Сейчас о нём можно прочитать в газетах, журналах, легко найти его имя и стихи на интернете, издано несколько сборников, о его творчестве делают доклады на конференциях, ему посвящают стихи, упоминают в мемуарной литературе, снят документальный фильм, проводятся памятные вечера. А при жизни Леонид Аронзон не сумел напечатать ни одного значимого для поэта стихотворения.
Не всякий интересующийся поэзией и сегодня знает его имя, тиражи книг маленькие, а литературоведческие опусы мало кто читает. Разве что заметят это имя в чьих-либо воспоминаниях. Может быть, невелика потеря? Или не пришло время?
Но как пройти мимо таких слов:
“Сейчас многим кажется, будто в 60–70 гг. у Иосифа Бродского не было достойных соперников…
…лидерство будущего нобелевского лауреата не без успеха оспаривалось…
…наиболее радикальной альтернативой “ахматовским сиротам” был Леонид Аронзон. Его считали, бесспорно, гениальным, его боялись, перед ним преклонялись” (Виктор Кривулин. Охота на мамонта. Имена для мёртвых и живых. 2. Леонид Аронзон — соперник Бродского, с 152–153. Блиц. СПб.1998)
Или таких:
(Михаил Юпп. Молитва за упокой души. Памяти Леонида Аронзона. Из книги “Ваше Величество Санкт-Петербург”, стихотв. также опуб. в Новом Русском Слове 8–9 сент.,2001)
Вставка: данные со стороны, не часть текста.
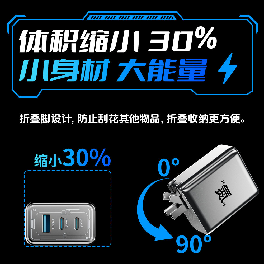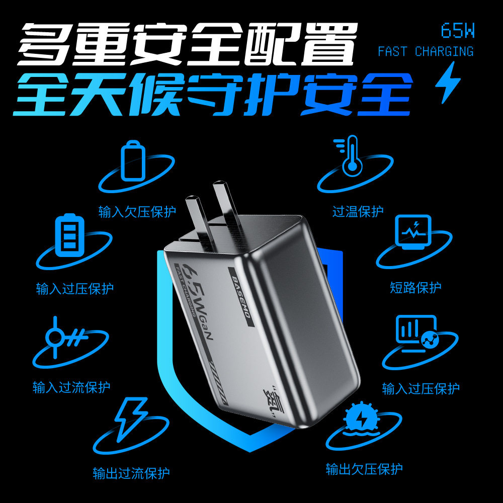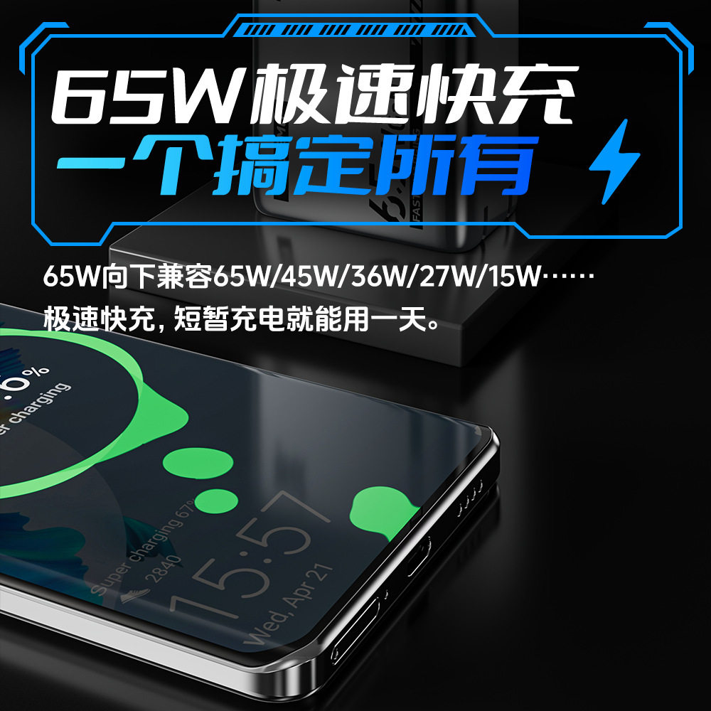新款 倍魔65W氮化镓机甲充电器超级快充适用苹果华为安卓多口PD充电头.

Можно и дальше цитировать высказывания и посвящённые памяти поэта строчки, но вопрос, “почему его не печатали?” — всё равно останется открытым. Может быть, стихи его были политизированы? Он лез на рожён, как Бродский? Ответа нет. У Аронзона нет ни одного стихотворения, направленного явно против режима. Так в чём же дело? Может быть, стихи его плохи? Нет. Обратимся к ещё одной цитате:
“Аронзон был поэтом — и “ никогда больше чем поэтом”. Бродский — смолоду его соперник или, вернее, стилистический оппонент — рядом с ним кажется очень земным, посторонним, очень социальным, погружённым в язык, в быт. Цветаева писала, что Гёте, конечно, более великий поэт, чем Гельдерлин, но Гельдерлин поэт более высокий. Ему доступны горные вершины, но он всегда на вершине, а великий Гёте обречён спускаться на равнину, к людям… Это можно отнести к Иосифу Бродскому и Леониду Аронзону”. (Валерий Шубинский. Образ бабочки. Вечерний Ленинград, 12 октября 1995 г.)
Согласитесь, что не о многих поэтах, которые сегодня, как теперь говорят, на слуху, можно так сказать.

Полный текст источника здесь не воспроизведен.